Cultured Meat 101: The Next Generation of Food

Investors are injecting the cellular agriculture market with billions of dollars and making big bets on the future of cultured foods—otherwise known as cell-based, or lab-grown foods.

With more countries now evaluating the regulation of these products, could this be the year consumers embrace cultured meat products with open arms?

To answer your burning questions about investing in this nascent space, here’s everything you need to know from our sponsor CULT Food Science.

What is Cultured Meat?

Cultured meat is genuine animal meat that is produced by cultivating animal cells in a controlled environment—eliminating the need to farm animals for food. Here is a step-by-step guide showing how cultured meat (also known as clean meat) is made:

Step 1:
Tissue is taken from the animal, for the purpose of extracting stem cells and creating cell lines.

Step 2:
The extracted stem cell lines are cultivated in a nutrient-rich environment, mimicking in-animal tissue growth and producing muscle fibers inside a bioreactor.

Step 3:
The muscle fibers are processed and mixed with additional fats and ingredients to assemble the finished meat product.

Because cultured meat is made of the same cell types and structure found in animal tissue, the sensory and nutritional profiles are like-for-like.

What are the Benefits?

The benefits of cultured meat are three-pronged, in that there are a wide range of benefits for the planet, for people, and for animals that include:

  • Reduces land use by up to 95%.
  • Reduces the impacts of global warming by up to 92% when produced with renewable energy.
  • Leads to less chance of contamination.
  • Requires no hormones.
  • Requires no antibiotics.
  • Reduces spread of zoonotic disease.
  • Removes livestock almost entirely from the production process.

As cultured meat products enter the mainstream, additional benefits such as affordability can be added to this list. According to experts, buying cultured meat may one day be cheaper than buying conventional meat products.

How Big is the Market?

While consumer awareness of cultured food products is currently low, acceptance is growing across the globe. In fact, almost one-third of UK consumers are willing to try cultured meat because of its less intensive impact on the environment compared to conventional meat.
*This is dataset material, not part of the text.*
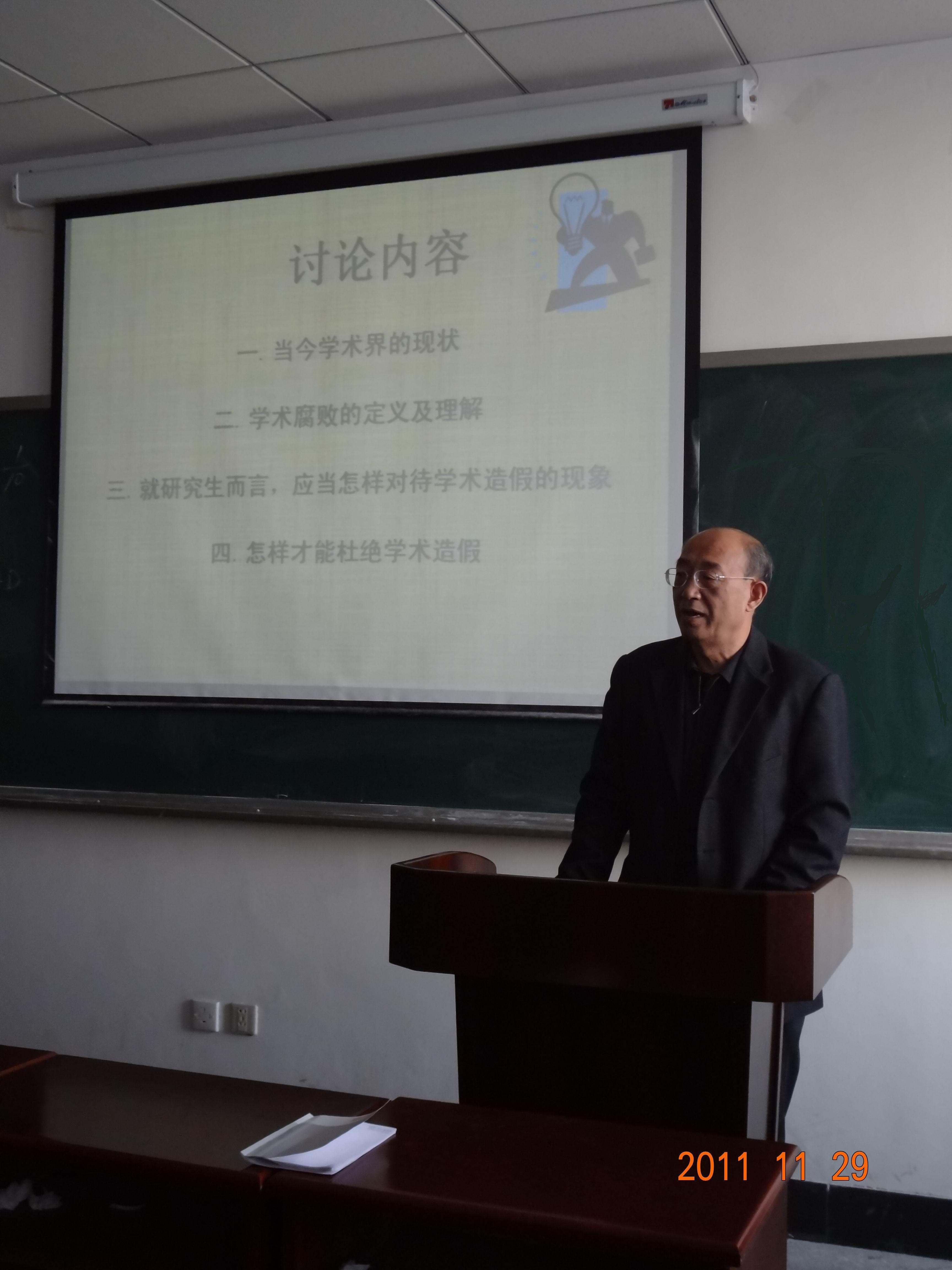 首先,姜启川教授向在场研究生讲述当今学术界的现状,指出一些学术不端行为带给学术界的不良影响。而后,他解释了学术腐败及学术道德的含义,指出遵守学术道德,摒弃浮夸作弊的重要意义;并提出就研究生而言,该如何对待学术造假现象,怎样才能杜绝学术造假,引导同学们有针对性地深入思考,提升思想高度,同时深入浅出地提醒研究生同学做学问要严于律己、实事求是。

Depending on factors such as strong consumer demand, price parity, and innovation in cellular agriculture, the cultured meat market could explode within the next decade and be worth $25 billion by 2030 according to McKinsey.

Interestingly, the success of the cultured meat market will also bleed into other adjacent industries such as dairy, eggs, seafood, chocolate, and honey.

Is the Market Regulated?

While we are merely in the early chapters of the cultured meat story, many countries are already spearheading the movement.

RegionStatus
🇸🇬
Singapore
Singapore became the first country in the world to approve the sale of a cultivated meat product in 2020.
🇪🇺
Europe
When produced without genetic modification, cultured meat is regulated under the novel foods regulation in the EU, and more funding is being encouraged as a result.
🇶🇦
Qatar
Qatar will likely follow in Singapore’s path and become the next nation to sell cultured meat products.
🇯🇵
Japan
The government in Japan is developing a regulatory framework for cultured meat to help grow consumer acceptance.
🇮🇱
Israel
With plans to become the cultured meat and alternative protein powerhouse, Israel opened the world’s first “slaughter-free” meat factory in 2021.
🇺🇸
United States
The FDA and the USDA have agreed to jointly regulate cultured meat. Further clarity on next steps is expected this year.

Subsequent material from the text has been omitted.